Abbas is also handling the internal tension in the Palestinian public and fierce opposition to his leadership by bringing Hamas into the political process through the back door. The Abbas-Mashal axis – despite deep-seated differences of opinion and public collisions between the two – makes Hamas into a potential partner for future negotiations with Israel.

Independent Palestinian progress to the second and third alternatives of the Abbas plan is liable to have further implications, reminiscent of those aired before Abbas made his November 2012 appeal to the Security Council. While it is highly unlikely that the United States will not veto a Security Council resolution instructing Israel to withdraw from the West Bank without a political agreement in place, a theoretical analysis cannot rule out a scenario in which, under certain circumstances, the PA, according to plan, manages to forge an anti-Israel diplomatic political front in the Security Council and a legal front against it in international tribunals.

In the absence of an agreed-upon setting, unilateral Palestinian progress is liable to result in the abrogation of the interim agreement (“Oslo II”) signed in 1995 and still applicable today; it is liable to allow the establishment of a state-sponsored Palestinian army and a unilateral declaration of East Jerusalem as the capital of the Palestinian state; and it is liable to change completely the international consensus on the status of Jewish settlement in Judea and Samaria, including the large settlement blocs, which in an agreement would almost certainly be within Israel’s borders in exchange for land swaps. There would undoubtedly also be unilateral Israeli counter moves.

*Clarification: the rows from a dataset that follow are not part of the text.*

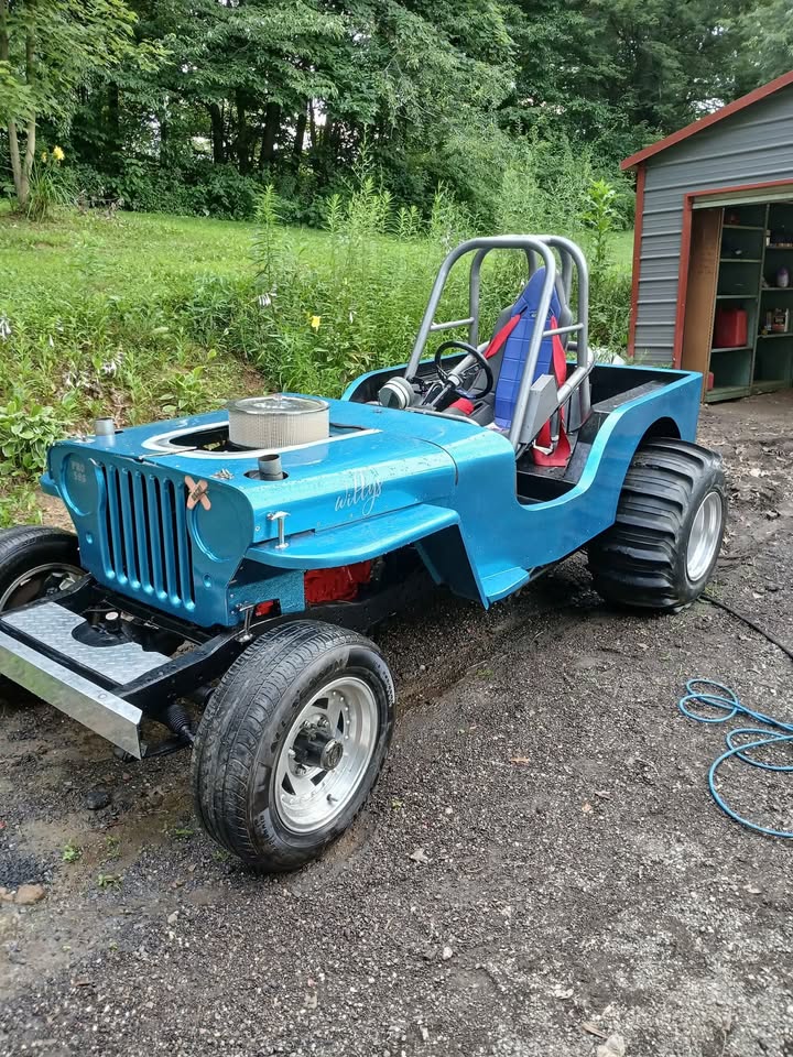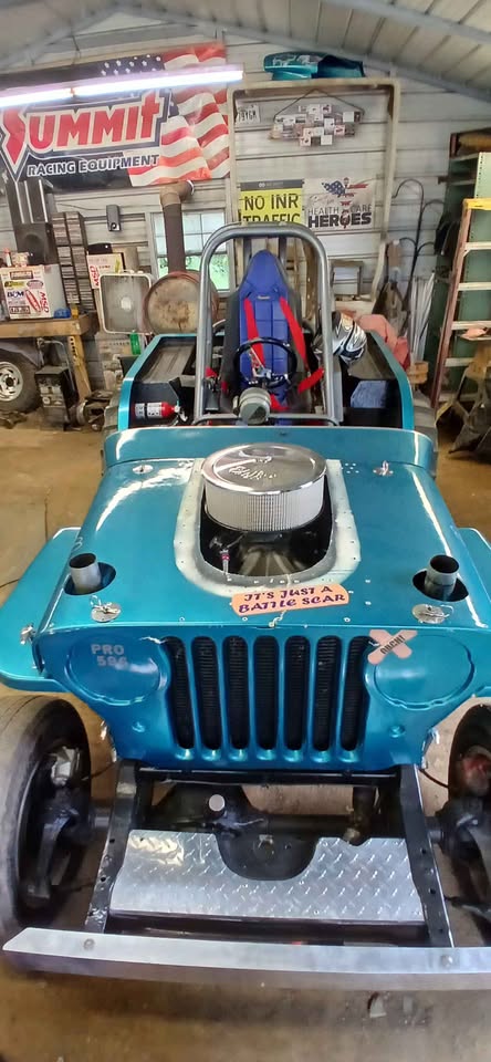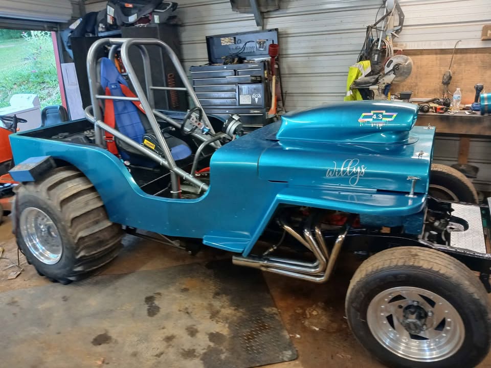 “It’s a 1946 Willys CJ2A tilt up shell, full drag chassis built by Rick Thomas in Hesperia ca., Wally World Custom paint. 568 C.I. Dart Big M. Gary Williams 1150 Dominator, Reher Morrison intake, heavily worked Dart Pro 1 heads, Ron Davis radiator, Eagle rotating assembly, Jessel rockers, oversized .904 Howard’s solid lifters, custom cam from Forsyth speed, Ross custom pistons, Custom Hooker headers, pro star 500 pump, Best of the Best from front to back. in this configuration it made 989 hp on an engine Dyno, but can easily be de-tuned to 800hp. I have complete professional build sheets. PowerGlide w/4500 stall (2k HP build), scatter shield and drive line loop. Modified Dana 60 (4 link) w/removable wheelie bar, spool w/6.17 gears, 35 spline Mosers. Areospace brakes, QA1 shocks w/adjustable height linkage. I Have a complete ledger of the build. make me an offer.”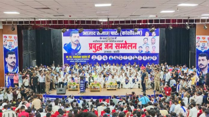 बस्ती। आजाद समाज पार्टी अस्तित्व बचाओ–भाईचारा बनाओ प्रबुद्ध जनसम्मेलन कार्यक्रम मे आजाद समाज पार्टी राष्ट्रीय अध्यक्ष और नगीना से सांसद चंद्रशेखर आज़ाद ‘रावण’ ने रविवार को उत्तर प्रदेश के बस्ती जनपद का दौरा किया। चंद्रशेखर को सुनने और देखने के लिए हजारों की संख्या में लोग जुटे, खासकर युवाओं में भारी उत्साह देखने को मिला। अपने संबोधन में चंद्रशेखर आज़ाद ने ऐलान किया कि उनकी पार्टी आने वाले दिनों में प्रदेश के 18 मंडलों में विशेष कार्यक्रम आयोजित करेगी। यह अभियान त्रिस्तरीय पंचायत चुनाव को ध्यान में रखते हुए पार्टी को जमीनी स्तर पर मजबूत करने की रणनीति का हिस्सा होगा। सांसद चंद्रशेखर ने सरकार पर हमला बोलते हुए कहा कि सरकार पढ़े-लिखे नौजवानों की बेरोजगारी पर बात नहीं करना चाहती। जनता को असली मुद्दों से भटका कर भ्रमित किया जा रहा है।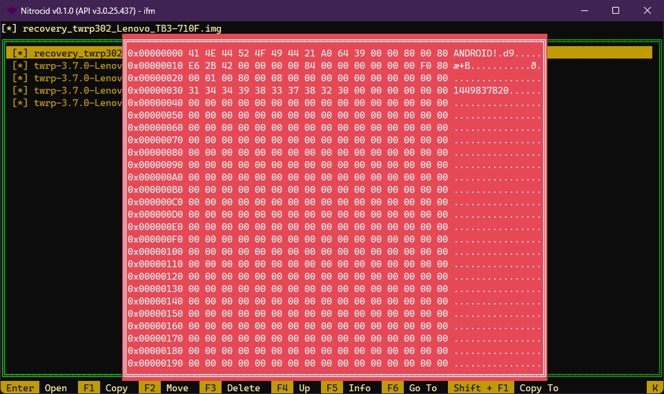 By pressing P, you'll be able to preview either a binary or a text file inside an informational box. You can use UP and DOWN arrows to navigate the file by one line, Page Up and Page Down to navigate by one page, or Q to exit the informational box.

To the extent that the Abbas-led Palestinian initiative gathers momentum, Israel will in the next few months be left with a difficult starting position for political moves, both vis-à-vis the Palestinians and the international community. Therefore, an Israeli initiative that manages to convey the drive to resolve the Arab-Israeli conflict based on a responsible, long term, sober view of Israel’s vital national interests could well balance the scales in advance of the coming political rounds.